Beika returned to Russia after the February Revolution and to Latvia after the October Revolution and became a leader of the Latvian Socialist Soviet Republic where he was appointed Commissar of Industry. After the fall of the Soviet republic he went back to what was now Soviet Russia and became the head of the economic council of Pskov.

He was a member of the Central Committee of the Communist Party of Latvia and was a delegate of the second and third congresses of the Communist International and was elected a member of its Executive Committee and then head of the International Liaison Department of the Comintern in 1920.

From January 1922 he worked in the Smolensk province and in 1924, he was appointed executive secretary of the Smolensk Provincial Committee of the All-Union Communist Party(b). Later he worked as the secretary of the Arkhangelsk Provincial Committee of the All-Union Communist Party (b). From 1928 he was in economic work and was a representative of member of the Collegium of the People's Commissariat of Heavy Industry of the USSR.

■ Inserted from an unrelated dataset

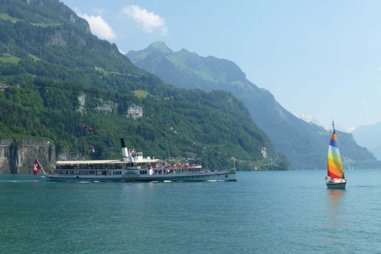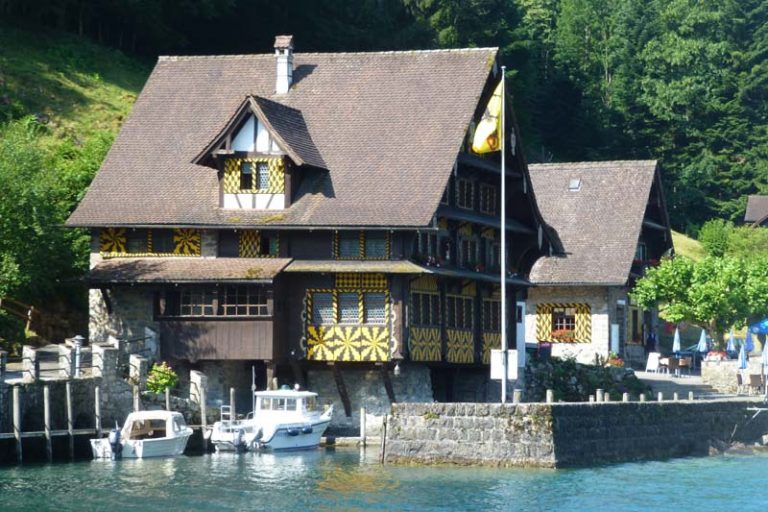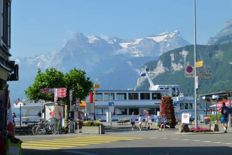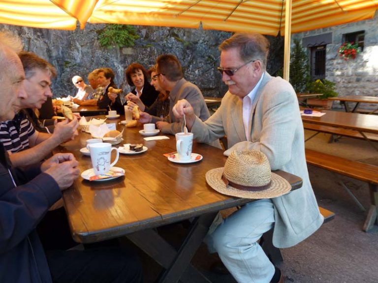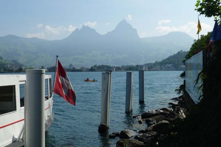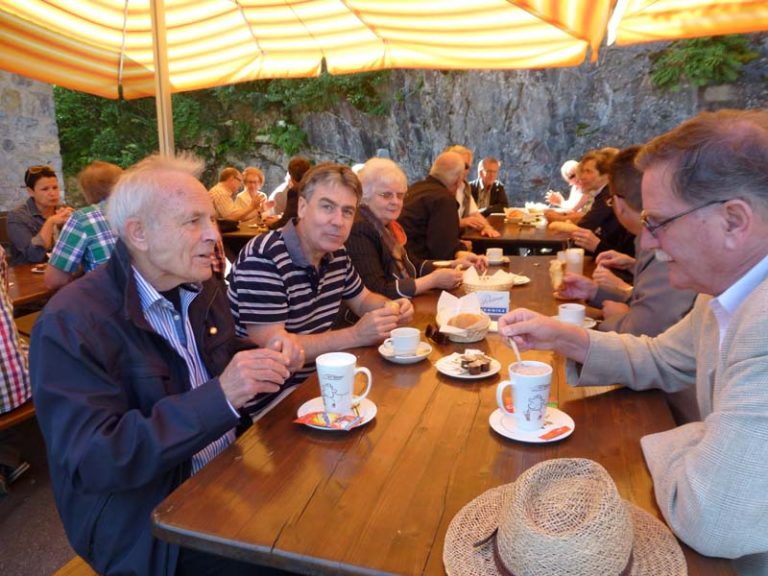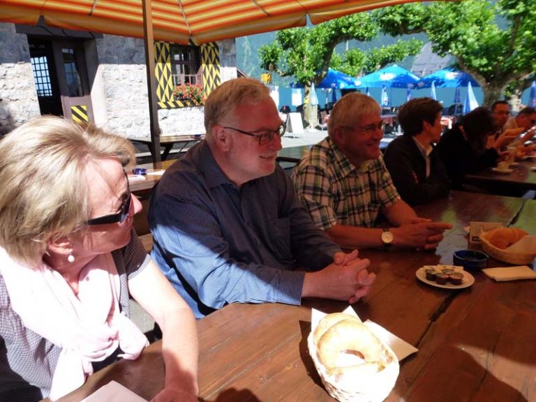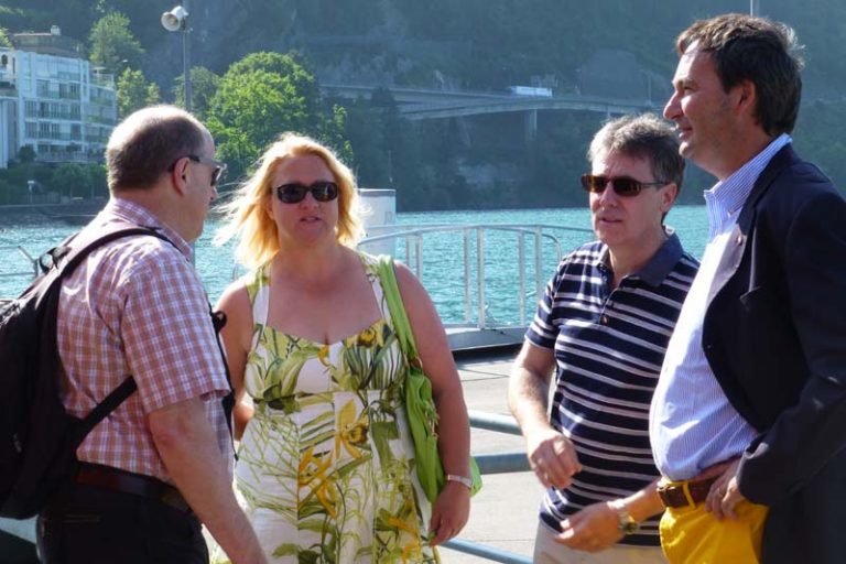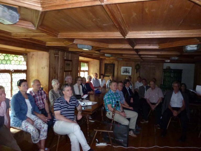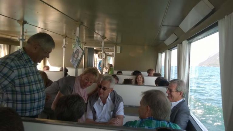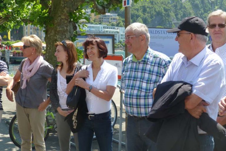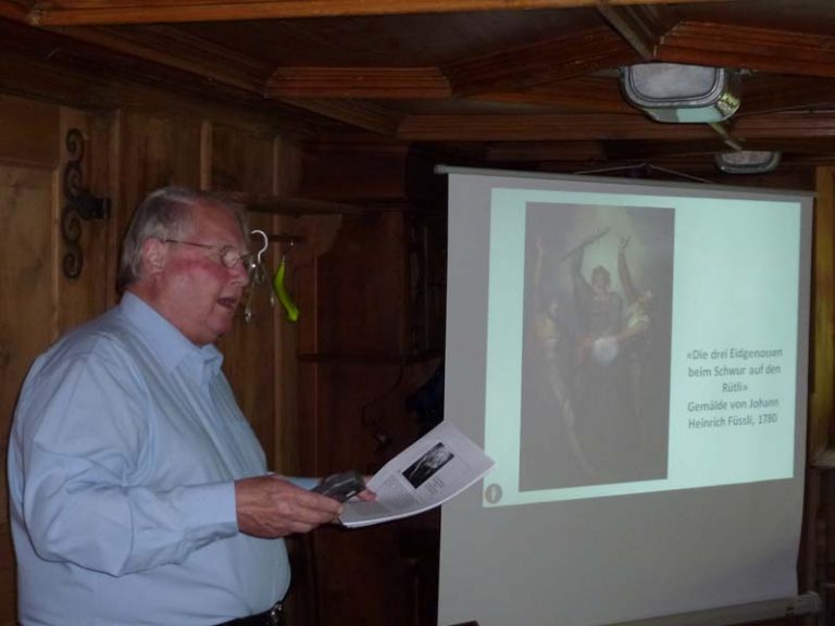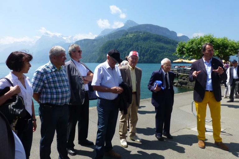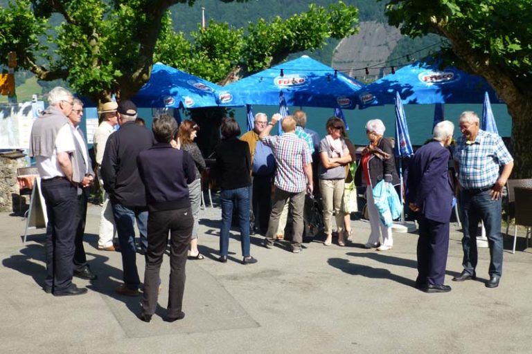 Treffpunkt Schifflände Brunnen: Nach kurzer Überfahrt nach Treib wurde dieser geschichtsträchtige Ort von unserem Präsidenten Peter Wieser zum besten gegeben. Aufmerksam und interessiert sind die Teilnehmerinnen und Teilnehmer der Präsentation und den kompetenten Ausführungen gefolgt.

During the Spanish Civil War he was a military commissar in the International Brigades from 1936 to 1937 and then from 1937 to 1938 he was Comintern officer in the United States.

Beika was recalled to Moscow, and on 20 April 1938 he was arrested by the NKVD on charges of participating in an anti-Soviet nationalist terrorist organization, and on 22 April 1939, by the verdict of the Military Collegium of the Supreme Court of the Soviet Union, he was sentenced to twenty years in a forced labor camp.

On 6 February 1946 he died in the Ustvymlag of the Komi Autonomous Soviet Socialist Republic. On 22 February 1956 he was posthumously rehabilitated.

Dāvids Beika was also an author of poems and memoirs.